Darren: I'm very happy to. I remember somebody very early on in my career saying they weren't sure that computational biology would ever really be a thing. Maybe you'd never be taken seriously by a computer scientist or biologist. And I'm happy to say that there's been tons of work to do in that interface. I've typically been working with the lab, mostly experimental lab science and trying to connect that to sort of computing. Except for 23andMe, there was no lab. It was the interfaces more with consumers and that's involved everything from just basic algorithms designing experiments or reagents, sometimes helping people just work out what they're going to do tomorrow, as well as collecting huge amounts of data, trying to understand what's going on in that data, and then an enormous amount of software to actually run a lab. People often ask, why do you need software even to run a lab? A typical lab might move somewhere between 100000 and a million bits liquid around in a year.
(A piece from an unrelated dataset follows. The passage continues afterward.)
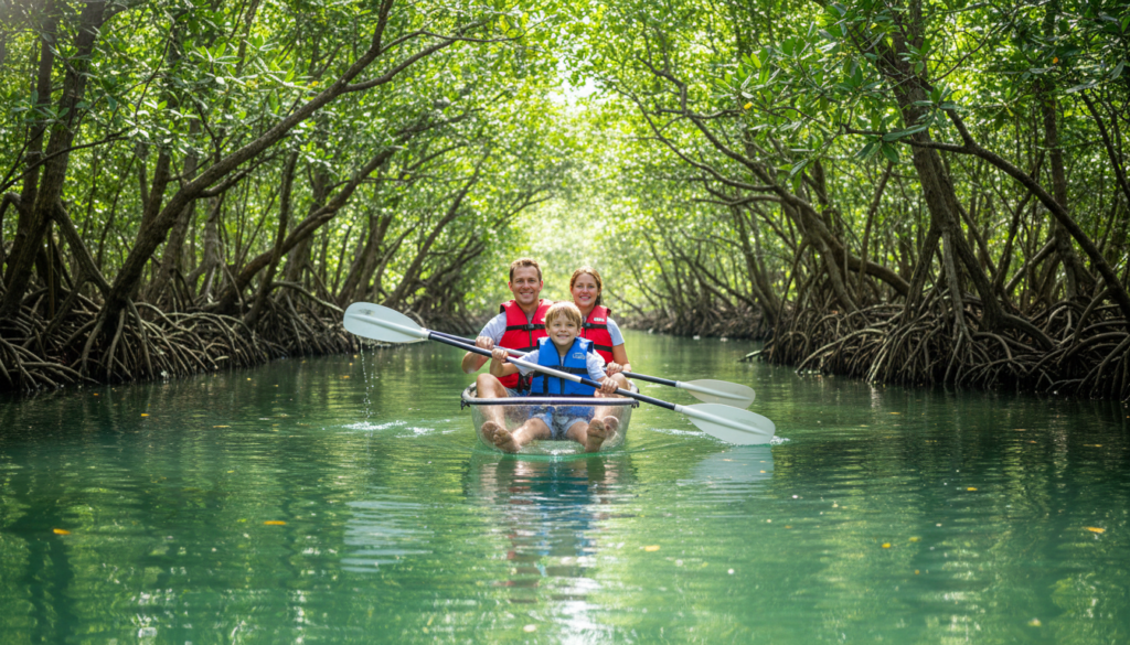 ・マングローブカヌーは波が少なく子連れでも安全に楽しめる

And I think it's a dirty little secret in my field that everybody gets signed up to do the big data machine learning because that's the really exciting part. Ninety percent of my time ends up and the pain ends up being just actually getting the data collected and labeled in a way that's actually going to make that possible. And I always tell people sometimes the most useful thing you can do for a scientist is just help them design a primer or organize the next experiment. So the work can be very, very basic, but it's pretty hard to run a modern lab without software.
Amber: So out of all the software that you have built, including some of the ones that your team, you and your team are working right now, what is the hardest software that you have built?
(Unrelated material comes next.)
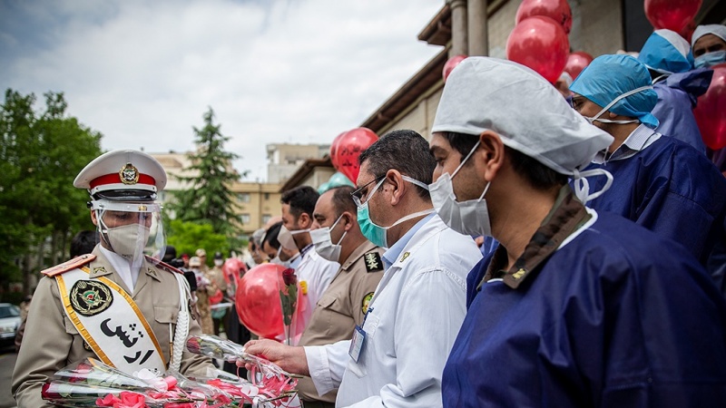 Militer Republik Islam Iran memberikan dukungan dan apresiasi kepada tim-tim medis di rumah sakit Hajar yang sedang merawat pasien virus Corona, COVID-19.

Darren: I can definitely remember some pretty painful experiences and their hard-won victories when you finally roll out a piece of software and feel really good about it. It's usually because it was so difficult to get there. And I think some of the hardest stuff wasn't necessarily that complicated in the sense that if you said, look, this is what we need to build and gave it to some software engineers, they could get something pretty quickly. But we were trying to work out what those requirements were with the users and they're changing every day. And then we were trying to replace a life running system with a better version, and that can take you 12 to 18 months to understand what's needed and then really painful and sort of swapping out how the data systems work, how the software worked. And then often you have to actually change the human system are you going to have to get people to behave differently once this thing is in there and then they change their mind as you go along. That can be really difficult. And one of the hard parts of that is, I think to be successful, sometimes you've actually got to change the users to be successful. So they come to you and say, you know, I need this really, really specific thing. And you take a look at it. You think maybe if I actually build that, it's probably not going to be very useful. I think there's a better way of doing it. So you have to go back and forth to sort of just argue with them, even to get to the right thing. You've got to remember that software is codifying a way of working. It's actually going to control that lab once you roll it out quite often. And when you're making software, you're making a set of decisions. And so you're literally helping somebody organize their life when you write that thing. Then there are other types of software where the idea is very simple, but conceptually it's very, very difficult. I think probably the hardest thing I deal with at the moment is how do you represent things like the design for a piece of DNA? All the different things are user can think of building, representing all the parts and the reagents. You've got to sit down, talk to them, understand what they need, and then you've got to imagine sort of the future and all things they might do. Then you need a very powerful and flexible way of representing that in your software so that there's lots of different ways of software that can be hard.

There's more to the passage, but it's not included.